Start of Exercise data
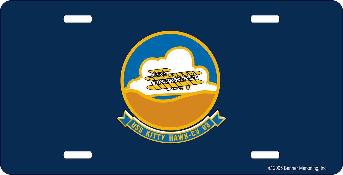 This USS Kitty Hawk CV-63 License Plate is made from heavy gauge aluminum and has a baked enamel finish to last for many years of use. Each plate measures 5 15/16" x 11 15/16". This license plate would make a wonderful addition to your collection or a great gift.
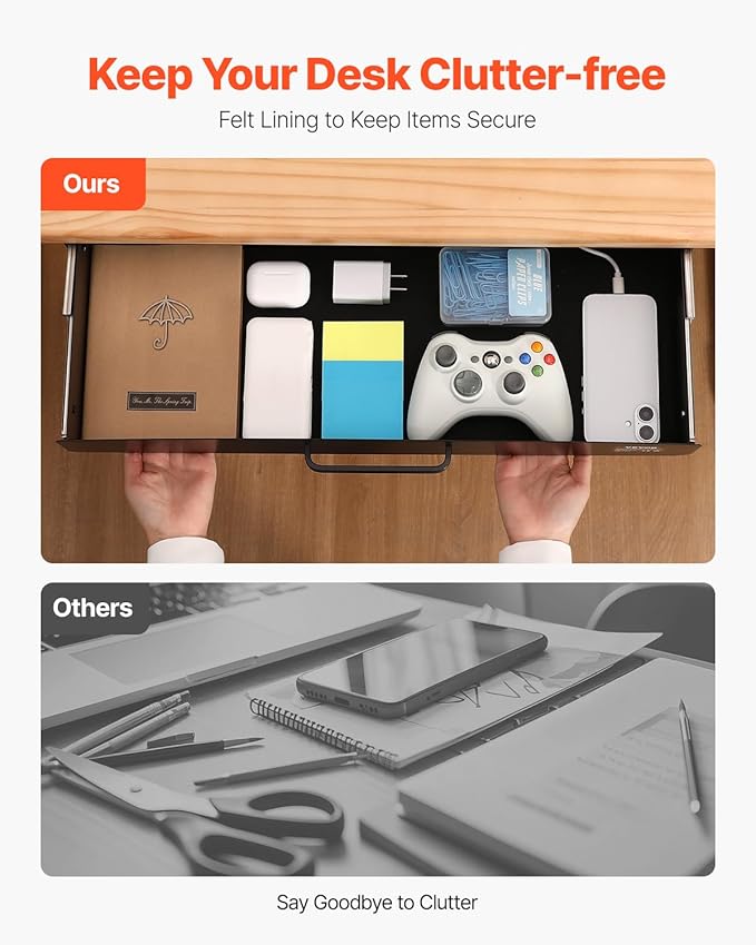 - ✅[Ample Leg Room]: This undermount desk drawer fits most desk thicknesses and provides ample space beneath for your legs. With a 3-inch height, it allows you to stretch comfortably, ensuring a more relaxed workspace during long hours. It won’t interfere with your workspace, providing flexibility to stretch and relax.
End of Exercise data
Start of Exercise data
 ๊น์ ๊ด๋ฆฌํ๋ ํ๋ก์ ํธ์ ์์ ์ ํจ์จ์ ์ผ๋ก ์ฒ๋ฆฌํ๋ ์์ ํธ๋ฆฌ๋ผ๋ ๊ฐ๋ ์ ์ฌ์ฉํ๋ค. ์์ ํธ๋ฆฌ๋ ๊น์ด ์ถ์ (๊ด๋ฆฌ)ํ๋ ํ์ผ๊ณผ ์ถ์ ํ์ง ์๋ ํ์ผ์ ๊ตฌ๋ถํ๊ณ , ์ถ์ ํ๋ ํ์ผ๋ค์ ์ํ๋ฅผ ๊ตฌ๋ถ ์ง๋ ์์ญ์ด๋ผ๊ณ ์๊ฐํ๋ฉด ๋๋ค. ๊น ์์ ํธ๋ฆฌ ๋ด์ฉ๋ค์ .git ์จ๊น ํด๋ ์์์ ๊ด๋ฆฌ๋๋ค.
End of Exercise data
▸ **Assignment**
Copy nothing but the lines above that run from the one with "This USS Kitty" to the one with "- ✅[Ample Leg", ends included; pictures stay out.

▸ **Your response**
 This USS Kitty Hawk CV-63 License Plate is made from heavy gauge aluminum and has a baked enamel finish to last for many years of use. Each plate measures 5 15/16" x 11 15/16". This license plate would make a wonderful addition to your collection or a great gift.
 - ✅[Ample Leg Room]: This undermount desk drawer fits most desk thicknesses and provides ample space beneath for your legs. With a 3-inch height, it allows you to stretch comfortably, ensuring a more relaxed workspace during long hours. It won’t interfere with your workspace, providing flexibility to stretch and relax.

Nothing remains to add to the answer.